[L3] existing router resources are partial deleted unexpectedly when MQ is gone

Bug #1871850 reported by LIU Yulong
14
This bug affects 1 person
Affects Status Importance Assigned to Milestone
Ubuntu Cloud Archive
Undecided
Unassigned
Queens
Critical
Unassigned
Rocky
Critical
Unassigned
Stein
Undecided
Unassigned
Train
Undecided
Unassigned
Ussuri
Undecided
Unassigned
neutron
Critical
Brian Haley
neutron (Ubuntu)
Undecided
Unassigned
Bionic
Critical
Trent Lloyd

Bug Description

(For SRU template, please see bug 1869808, as the SRU info there applies to this bug also)

ENV: meet this issue on our stable/queens deployment, but master branch has the same code logic

When the L3 agent get a router update notification, it will try to retrieve the router info from DB server [1]. But at this time, if the message queue is down/unreachable. It will get exceptions related message queue. A resync action will be run then [2]. Sometimes, from my personal experience, rabbitMQ cluster is not so much easy to recover. Long time MQ recover time will cause the router info sync RPC never get successful until it meets the max retry time [3]. So the bad thing happens, L3 agent is trying to remove the router now [4]. It basically shutdown all the existing L3 traffic of this router.

[1] https://github.com/openstack/neutron/blob/master/neutron/agent/l3/agent.py#L705
[2] https://github.com/openstack/neutron/blob/master/neutron/agent/l3/agent.py#L710
[3] https://github.com/openstack/neutron/blob/master/neutron/agent/l3/agent.py#L666
[4] https://github.com/openstack/neutron/blob/master/neutron/agent/l3/agent.py#L671

tags: added: l3-dvr-backlog
Revision history for this message
OpenStack Infra (hudson-openstack) wrote : Fix proposed to neutron (master)
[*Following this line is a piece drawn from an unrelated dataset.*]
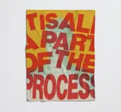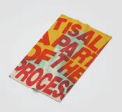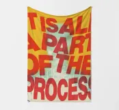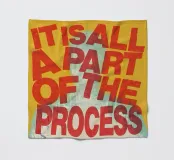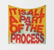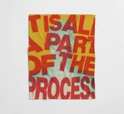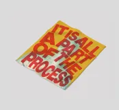 "Die Phrase IS ALL A PART OF THE PROCESS' ist in einem dynamischen, leicht chaotischen Layout mit roter Typografie in Notlage vor einem strukturierten gelben Hintergrund angeordnet, mit einer subtilen Silhouette hinter dem Text. Die raue Textur und die unvollkommenen Buchstabenformen vermitteln ein Gefühl von Authentizität und Widerstandsfähigkeit.",

Fix proposed to branch: master
Review: https://review.opendev.org/719127

Changed in neutron:
assignee: nobody → LIU Yulong (dragon889)
status: Confirmed → In Progress
Changed in neutron:
assignee: LIU Yulong (dragon889) → Brian Haley (brian-haley)
Revision history for this message
OpenStack Infra (hudson-openstack) wrote : Fix merged to neutron (master)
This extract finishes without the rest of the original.